A Hunger Suite
Happy Days is here again!
In their third show of 2012 Clockfire Theatre presents the dilemma of the creative artist confronted by distraction. Volumes of distraction are ever present around us and can be fatal to the development of new creative work. This brief performance of a highly creative new work-in-progress puts the audience in the artist’s seat then assaults us with a cacophony of ‘musical’ noises from the ‘maestro’, generated by whacking various tins and cans and even running a saw over the rim of a metal drum, plus a veritable tsunami of verbal instructions and mild abuse from the two clowns. It would be really hard to concentrate if we were trying to write this play whilst we were watching it.

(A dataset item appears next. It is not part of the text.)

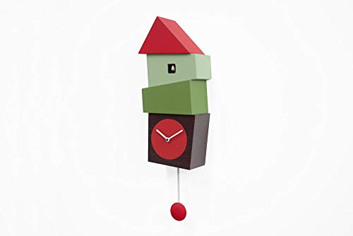 PROGETTI Orologio a cucù da Parete 16X10X52cm Crooked Legno Scuro E Rosso-Verde Sala Alberto

We feel like we’re losing our heads. Then she does! One of the two actors assailing us (us being the audience as artist), has her head locked in a cage. Her brain is trapped. Then her head is detached, so we join her in an out-of-body experience when her head now sits upon a pile of hay. This scene is reminiscent of Winnie buried in the mound of sand in Beckett’s Happy Days. In fact, even though this work is loosely based upon a Kafka short story, it in fact has heavy overtones of Samuel Beckett. A confusion of words tumble forth from the two clown-like figures confronting us. They are the sirens of sloth, who challenge us, tempt us, attempt to feed us, confuse us, and then abandon us for a headless abandon of their own.
The ideas Beckett works with needed revisiting and all we’ve really seen of Beckett lately is Waiting for Godot. He did so much more than that. So having Clockfire explore Beckett’s creative delta is a wonderful experience. A standout was Alicia Gonzalez as the hitty hitty bang bang Maestro, who is a joy to see and hear. Highly recommend.